The Internal Revenue Code provides for an exclusion on the sale of a principal residence for an amount not to exceed $500,000, for which no federal income tax is due. The term "universal exclusion" refers to the $250,000 ($500,000 for married couples filing jointly) of profit that is excluded from federal taxation when a taxpayer sells a principal residence after:

• Owning it for not less than 2 years; and
• Occupying it as a principal residence for not less than 2 out of the 5 years prior to the resale; and
• Providing the taxpayer hasn't claimed the exclusion on the sale of another residence within the 2 years prior to the resale.

(Please note that all 3 requirements must be satisfied. [See worksheet.])

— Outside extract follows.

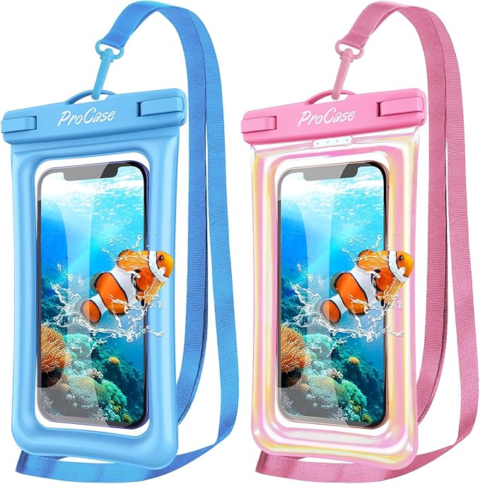 ProCase 2 Pack Floating Waterproof Phone Pouch Up to 7", IPX8 Floatable Underwater Phone Case Dry Bag for iPhone 17/Air 16 15 14 13 12 11 Pro Max Xs Max XR X 8 7 Plus SE/Galaxy S24 S23 S22 - PinkBlue
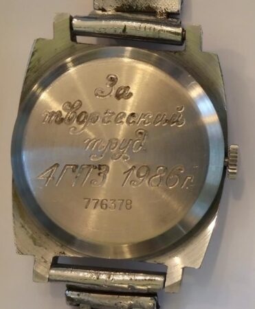 Au dos de cet exemplaire, cette gravure: La mention dit: « За творческий труд 4 Гражданский Промышленный Завод 1986 Г. », à savoir: Pour le travail créatif à la 4e Fabrique d’État de roulements, 1986.

Since many individuals often purchase vacation homes as an investment strategy for retirement, their long-term goal being to sell their current residence and take advantage of the universal exclusion, and then move into the vacation home and claim it as their principal residence. Prior to the enactment of Housing and Economic Recovery Act of 2008 ("HERA"), once they had met the ownership and occupancy requirements, they could resell the vacation home and again take advantage of the universal exclusion. This was a great strategy for converting real estate assets to cash and avoiding federal income taxes in the process. However, since the enactment of HERA, and specifically Section 3092 thereof, there is a new calculation to determine the amount of the universal exclusion that may be claimed for a vacation home that is purchased and later converted to a principal residence.

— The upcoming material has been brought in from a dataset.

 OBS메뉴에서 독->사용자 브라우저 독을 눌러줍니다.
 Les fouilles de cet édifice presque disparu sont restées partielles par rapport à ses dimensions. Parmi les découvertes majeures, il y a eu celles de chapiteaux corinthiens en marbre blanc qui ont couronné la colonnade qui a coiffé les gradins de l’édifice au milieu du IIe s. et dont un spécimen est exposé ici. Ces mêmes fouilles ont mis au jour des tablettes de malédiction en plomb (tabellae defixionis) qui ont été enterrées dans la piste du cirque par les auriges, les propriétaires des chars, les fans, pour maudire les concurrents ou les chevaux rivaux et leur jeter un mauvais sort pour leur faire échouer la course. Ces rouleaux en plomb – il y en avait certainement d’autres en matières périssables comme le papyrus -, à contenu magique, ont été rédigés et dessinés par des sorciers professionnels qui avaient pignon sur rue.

Specifically, the amount of the exclusion is now limited to the fraction of profit created when dividing the number of years the home was used as a principal residence by the total number of years the property has been owned. Consider the following example:

EXAMPLE: A married couple purchases a vacation home for $300,000. Ten years later, they sell their current principal residence, take advantage of the universal exclusion, and then make the vacation home their principal residence. Fifteen years after that, they resell the vacation home for $800,000. To summarize, this couple has owned the vacation home for 25 years, they've used it as their principal residence for 15 years, and they've realized a profit of $500,000 upon resale.

Prior to HERA, this couple could have excluded the entire $500,000 of profit on this former vacation home. As a result of HERA, they may exclude from federal taxation only 15/25ths, or 60%, of the $500,000 profit. This means that $300,000 of the $500,000 profit is tax free, but the couple must pay capital gains taxes on the remaining $200,000.

This new limitation applies to sales closing on or after January 1, 2009 and only to nonqualified use periods beginning on or after that date. In other words, when such a property is sold in the future, the periods of use as a vacation home or rental property that occurred before January 1, 2009 are treated as if the use was as a principal residence.

This Blog is not intended to be legal or tax advice and readers of this Blog should consult their own lawyer or tax preparer for legal or tax advice, as applicable.